I quickly tired of the Michael (the angel) storyline. The show continues to find new demons and battles to fight that feel relatively fresh after all these years. At its core, it’s always been about family.

But, what an ending! It was reminiscent of the final moments of the 5th season of Angel but with another season still coming so that we can see how they resolve this predicament Sam and Dean are in.

Fifteen seasons would make for a good stopping point. It’s time for the show to end. It’s had a good run.

⭐⭐⭐⭐/5 stars

Legacies

Legacies is a spinoff of The Originals, which is a spinoff of The Vampire Diaries, which is a show based on a book series of the same name. That’s a rabbit hole if I’ve ever seen one.

I’m so over the hot-20-somethings-playing-teens dramas at this point. Perhaps I’m just at a time in my life where I crave more adult-themed shows. The problems of high schoolers don’t seem so bad when you’re in your 30s. At least it showed more promise than that other high-school drama, Riverdale, this season.

Frankly, I came for the magic and not the make-out sessions.

Admittedly, I didn’t watch the entire first season because of scheduling conflicts.

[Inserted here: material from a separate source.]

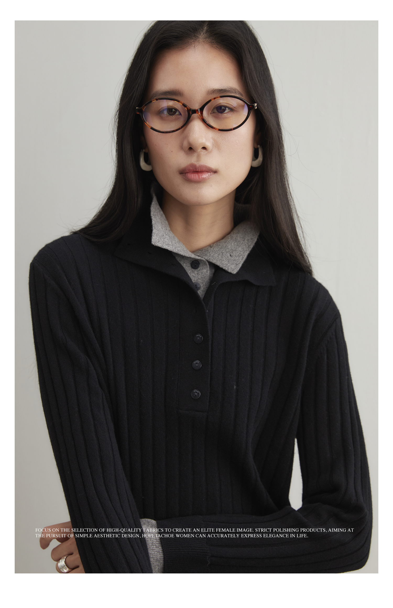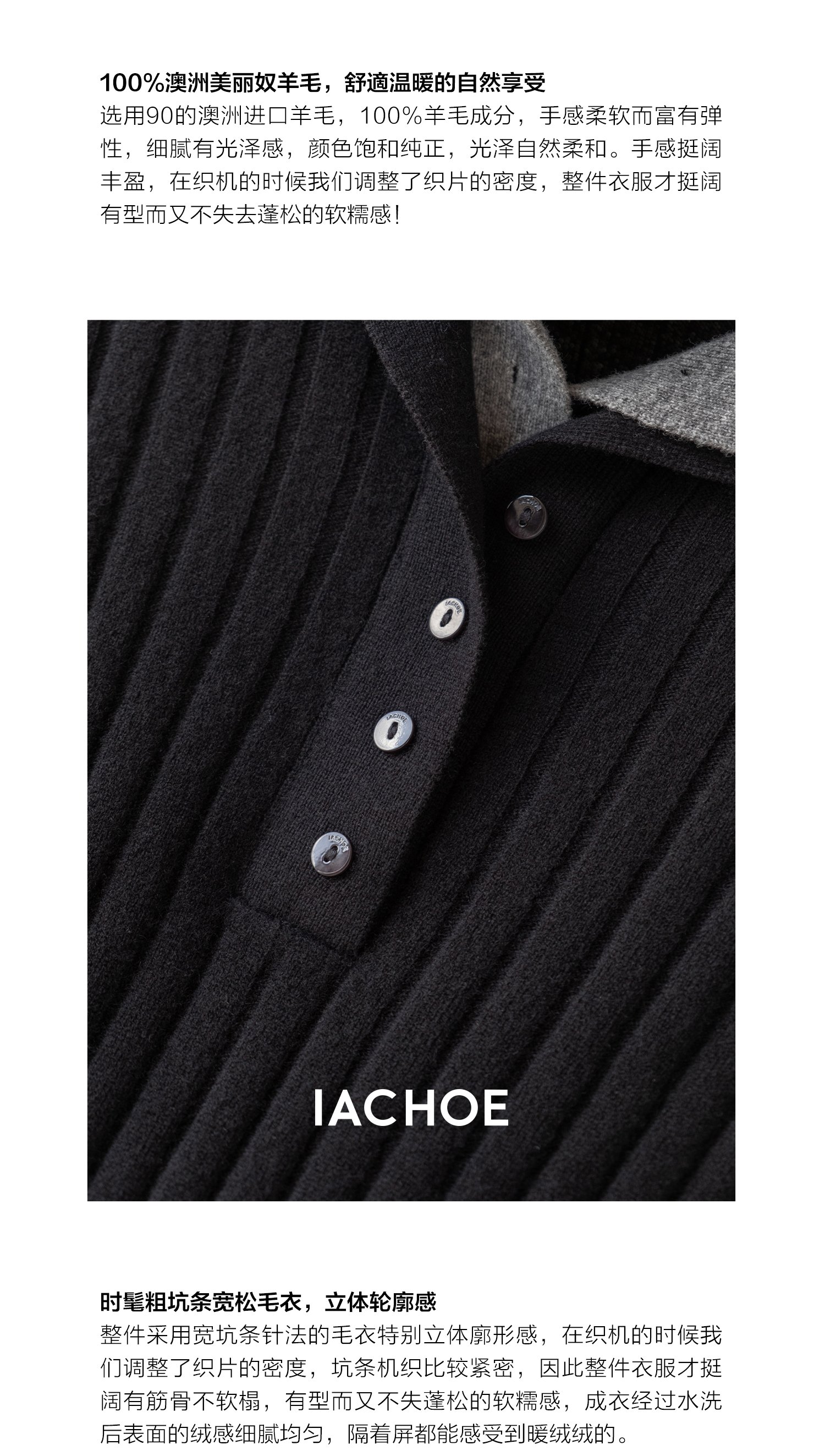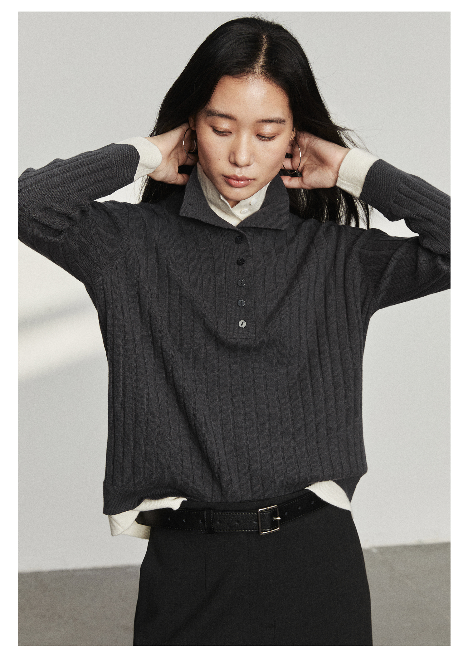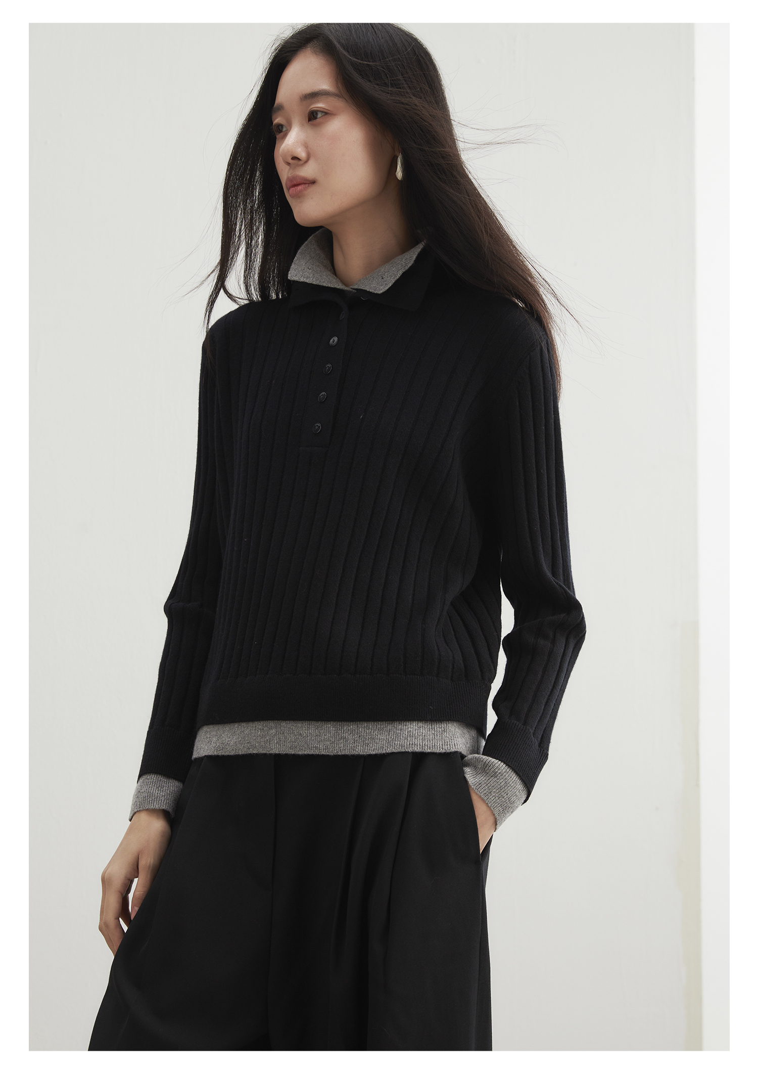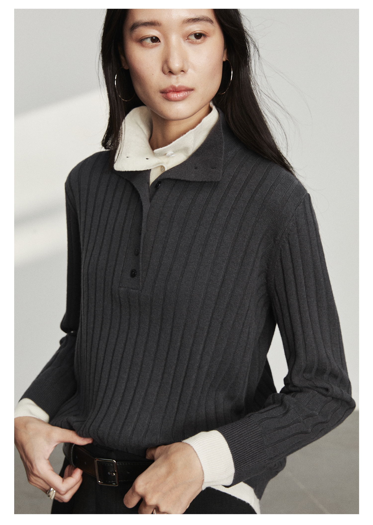 棉仓3561505007-秋季时髦粗坑条毛衣 松弛宽松叠叠乐假两件翻领羊毛衫

I do have it DVR’d for later watching. I’ll pick it back up when I don’t have anything else to watch.

⭐⭐⭐/5 stars

Blindspot

Meh.

I’m mostly bored with the show now. It’s getting repetitive. The original premise for the show made for a good 2-3 seasons at most. A woman with tattoos all over her body and no memory shows up in the middle of the city with an FBI officer’s name on her back. The tattoos are clues about events that will happen.

Some stories should have endings and not stay on their air beyond that. I blame it on American commercialism. Milk any success as long as you can instead of moving on.

⭐⭐/5 stars

All American

I was hoping for my Friday Night Lights fix just in a different setting. I was hoping to watch a show about football. What I got was a show about trust-fund kids and one guy who was supposed to be good at football who seems a little bummed about life blessing him with the short end of the stick.

I was an all-state football player in high school. Aside from a couple of years in late elementary school, I played all the way from 1st grade until the time I graduated. I know how high school football works.

You don’t take beach trips on a regular basis after school if you’re playing football. You’re hitting the field by 3:15 after class lets out and leaving around 6:30. You’re doing two-a-days in August heat before your summer break is over. If this is football on the West Coast, it’s no wonder that the sport’s greatest talent and teams come from the South. Our programs mold boys into men.

You have your stereotypical white guy who dislikes the black guy joining the team. And, of course, the white guy’s girlfriend apparently has a thing for the newcomer. It’s not that these are bad elements to work with. There’s just not anything more than surface-level reasons for them in the story. You can find this tale told much better elsewhere.

The show had a lot of potential. It just didn’t deliver quickly enough to keep me watching the second half of the season.

⭐⭐/5 stars.

The Orville

Saving the best for last?

The Orville is a modern-day Star Trek: The Next Generation, the Star Trek that I grew up with. TNG didn’t hit its stride until a few seasons in. Seth Macfarlane and The Orville have delivered from Day 1.

I’ll go ahead and say it. It’s the best series on network TV today.

The show manages to tackle real social and political issues without forcing a particular viewpoint down your throat. It doesn’t preach to you. It presents balanced looks at the problems of our time in a setting far into the future. Ultimately, humans always have and will likely continue struggling with our own nature, regardless of the era.

It’s comedy. It’s tragedy. It’s romance. It’s drama. It’s political satire. It’s a space opera done right.